Two or three heads appeared as he spoke, and Tyacke saw the gleam of weapons. He took the proferred hand. Strong, but the palm was smooth. A gentleman.
Tyacke said, controlling the urge to touch his scars, “How did you know my name?”
Ballantyne smiled diplomatically.
“I know of only one flag captain.” His dark eyes rested on Napier. “A younger blood, too. I am honoured!” He gestured toward the building with its empty flag mast. “Come.”
He was coatless, but Tyacke noted the finely made shirt and white breeches, obviously expensive, as were the black riding boots, their polish gleaming beneath the inevitable coating of dust. About sixty years of age, according to Flags’ notebook. Without the beard, he would seem younger.
Guilty, he thought. You’re as guilty as hell. And one day I’ll prove it.
Ballantyne had stopped and was pointing back at the water. “I see that you were taking no chances, either!” He laughed.
The corporal was standing bareheaded behind his swivel gun, his hair in the sunlight blazing almost as brightly as his uniform.
Tyacke found that he had fallen into step beside Ballantyne. Corporal Price would have known that, at this range and bearing, the swivel gun would have been an indiscriminate killer.
“Your men can rest a while.” Ballantyne waved toward the nearest building. “I can offer you something to quench your thirst.” Again the quick, quizzical glance. “But we are under siege at present! Here-I will show you something.” He halted again. “Your ship is under sail? Then who commands her?”
“Captain Adam Bolitho. I understood that you had already met him.”
The tanned hand was on Tyacke’s sleeve. “Bolitho? Must be God’s will!” He repeated the name, as if his mind was elsewhere. “A fine young man. But a certain sadness in him too, I felt.”

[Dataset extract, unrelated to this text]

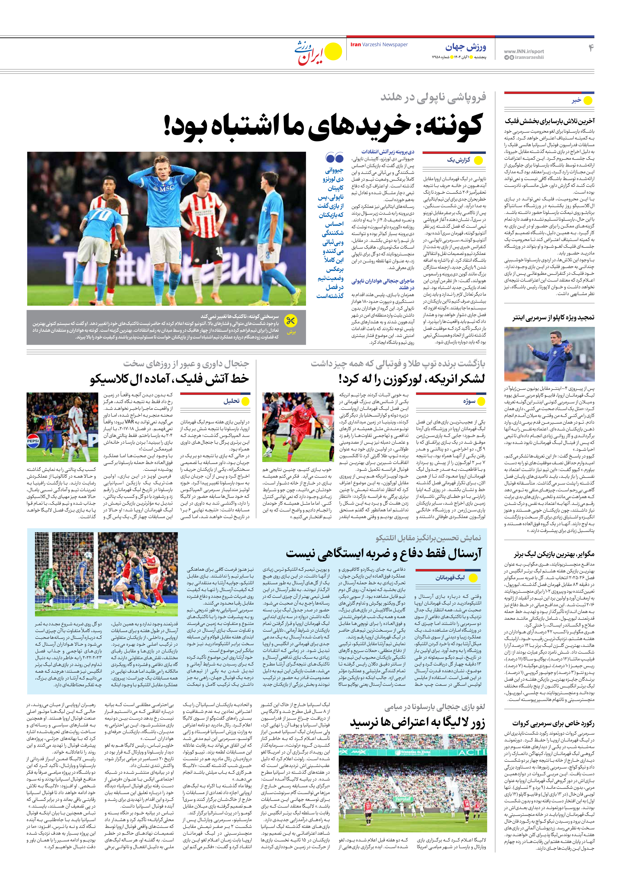 روزنامه ایران ورزشی - شماره هفت هزار و نهصد و پنجاه و هشت - ۰۱ آبان ۱۴۰۴ - صفحه ۴
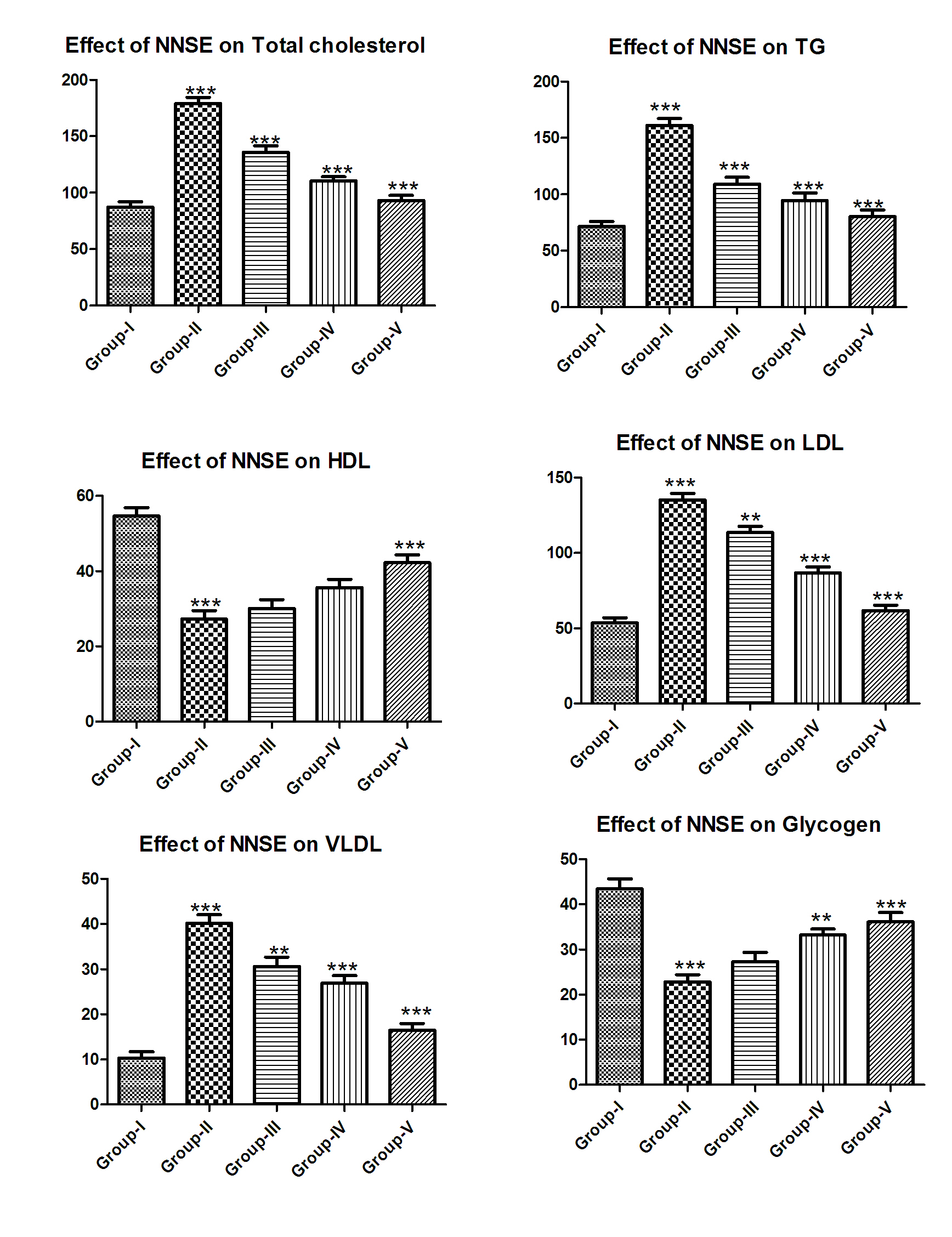 The treatment with NNSE (200 and 400 mg/kg) showed significant (p<0.05) reduction in cholesterol level (132.52±1.15 and 110.22±1.15 mg/dl) as compared with the diabetic control group (179.09±0.98 mg/dl) after a few weeks of treatment. Treatment with NNSE significantly (p<0.05) decreases the triglyceride level (TG) level as compared with the diabetic control group. Similarly, there was a significant reduction in the levels of low-density lipoprotein (LDL) from (128.96±1.05 to 82.88±0.57 mg/dl) with the NNSE at 400 mg/kg body weight doses compared with the diabetic control group. Moreover, NNSE and the standard drug group showed significant reduction (p<0.05) in very low-density lipoprotein (VLDL) level when compared with the diabetic control group. It was observed from the results that the serum levels of total cholesterol (TC), triglyceride (TG), very low-density lipoprotein (VLDL) and low-density lipoprotein (LDL) was significantly increased on the other hand serum high-density lipoprotein (HDL) level was significantly (p<0.05) decreased in diabetic rats compared to a normal control group. After treatment with the NNSE at 200 and 400 mg/kg body weight doses the levels of TC, TG, VLDL, and LDL were significantly decreased, with significantly increased serum HDL level (fig. 1).

They had reached the gateway to a circular courtyard, cobbled, and probably built by slaves. Common enough in New Haven, or whatever it had originally been called. But Tyacke noticed none of it. Across the courtyard before him was the mast, the severed halliard still catching the breeze from the sea.
A man lay dead at the foot of the mast, but one hand was still moving, firmly grasping the halliard. The same green uniform, but with a piece of scarlet bunting which Tyacke had at first taken for blood wrapped around his neck like a scarf.
Ballantyne kicked a loose stone across the yard until it rolled against the corpse.
He said, “So that they can tell the difference!” He turned back toward Tyacke, his eyes filling his face. “Mutineers, rebels, call them what you will. They are still traitors!”
He walked on, and although Tyacke was a tall man he had to quicken his pace to keep up with him. He thought he had seen some human shadows through a colonnade, as if there were others watching, perhaps waiting to remove the dead intruder.
Now they were on another side of the building, on a terrace overlooking the next stretch of anchorage. There were a few small vessels, obviously derelict or abandoned, and beyond, the full panorama of hills.
Tyacke kept walking toward the low wall but stopped when Ballantyne touched his sleeve.
“No further, Captain. We are possibly out of range here, but why take the risk?”
As if in response there was a dull bang, probably a musket, but no hint of any fall of shot.
Ballantyne said calmly, “We are the ones under siege. We can withstand any frontal attack by those scum, but we are cut off from our supply routes.” His hand indicated the terrace. “This place was built to defend others!”
He had taken Tyacke’s arm again. “Look yonder, Captain. Perhaps the fight is already lost!”